* _Source information_
+--
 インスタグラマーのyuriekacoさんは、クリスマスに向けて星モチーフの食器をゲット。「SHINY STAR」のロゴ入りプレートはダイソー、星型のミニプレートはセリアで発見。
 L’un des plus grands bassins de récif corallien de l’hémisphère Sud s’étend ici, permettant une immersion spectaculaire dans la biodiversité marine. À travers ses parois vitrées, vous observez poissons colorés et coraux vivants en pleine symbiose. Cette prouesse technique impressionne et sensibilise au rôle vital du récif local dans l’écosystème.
+--
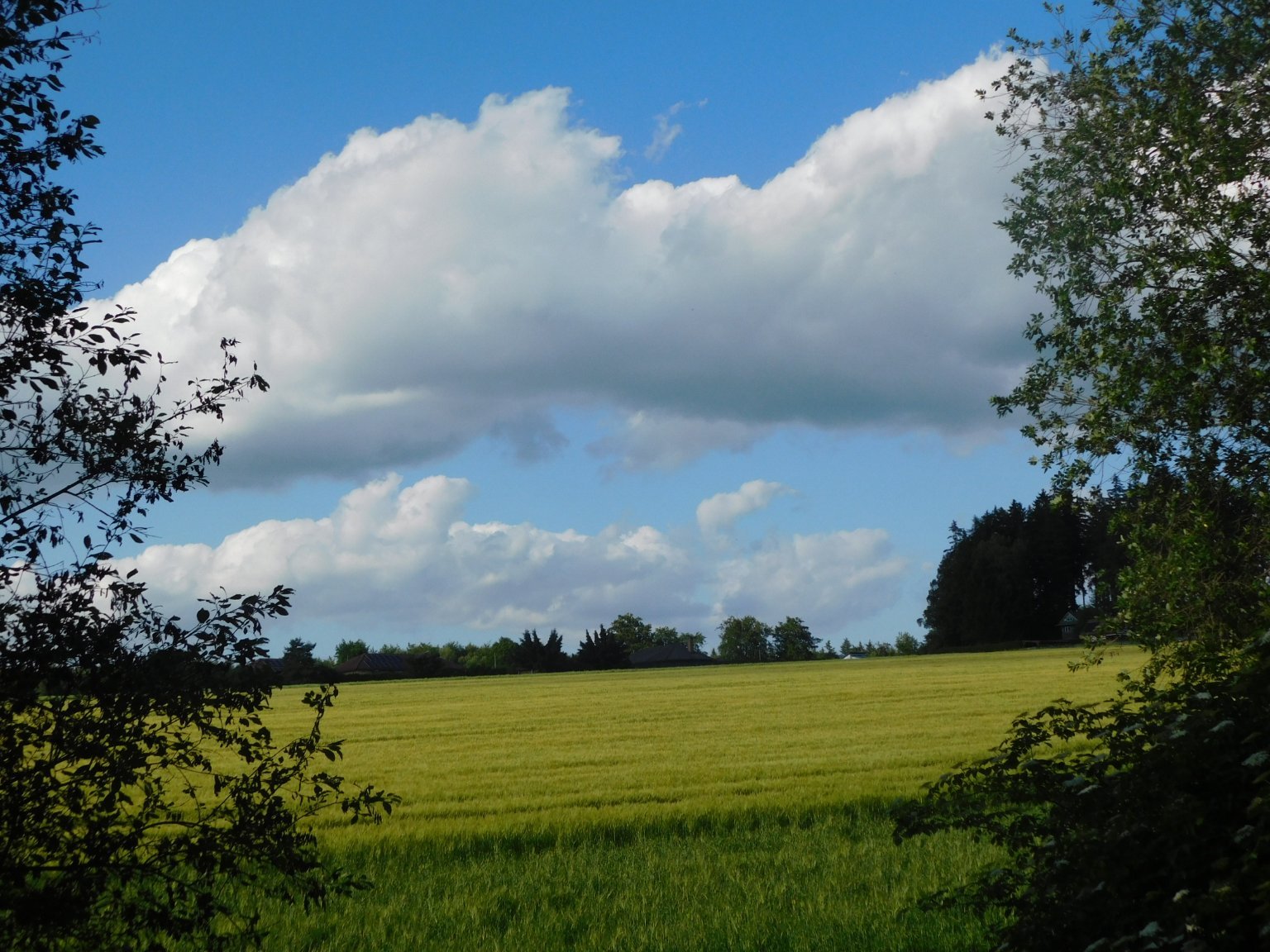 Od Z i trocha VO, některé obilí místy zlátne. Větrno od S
+--
* _Exercise prompt_
All that is wanted is the stretch of lines above from the one containing "インスタグラマーのyurie" through the one containing "L’un des plus", duplicated exactly.

* _Output below_
 インスタグラマーのyuriekacoさんは、クリスマスに向けて星モチーフの食器をゲット。「SHINY STAR」のロゴ入りプレートはダイソー、星型のミニプレートはセリアで発見。
 L’un des plus grands bassins de récif corallien de l’hémisphère Sud s’étend ici, permettant une immersion spectaculaire dans la biodiversité marine. À travers ses parois vitrées, vous observez poissons colorés et coraux vivants en pleine symbiose. Cette prouesse technique impressionne et sensibilise au rôle vital du récif local dans l’écosystème.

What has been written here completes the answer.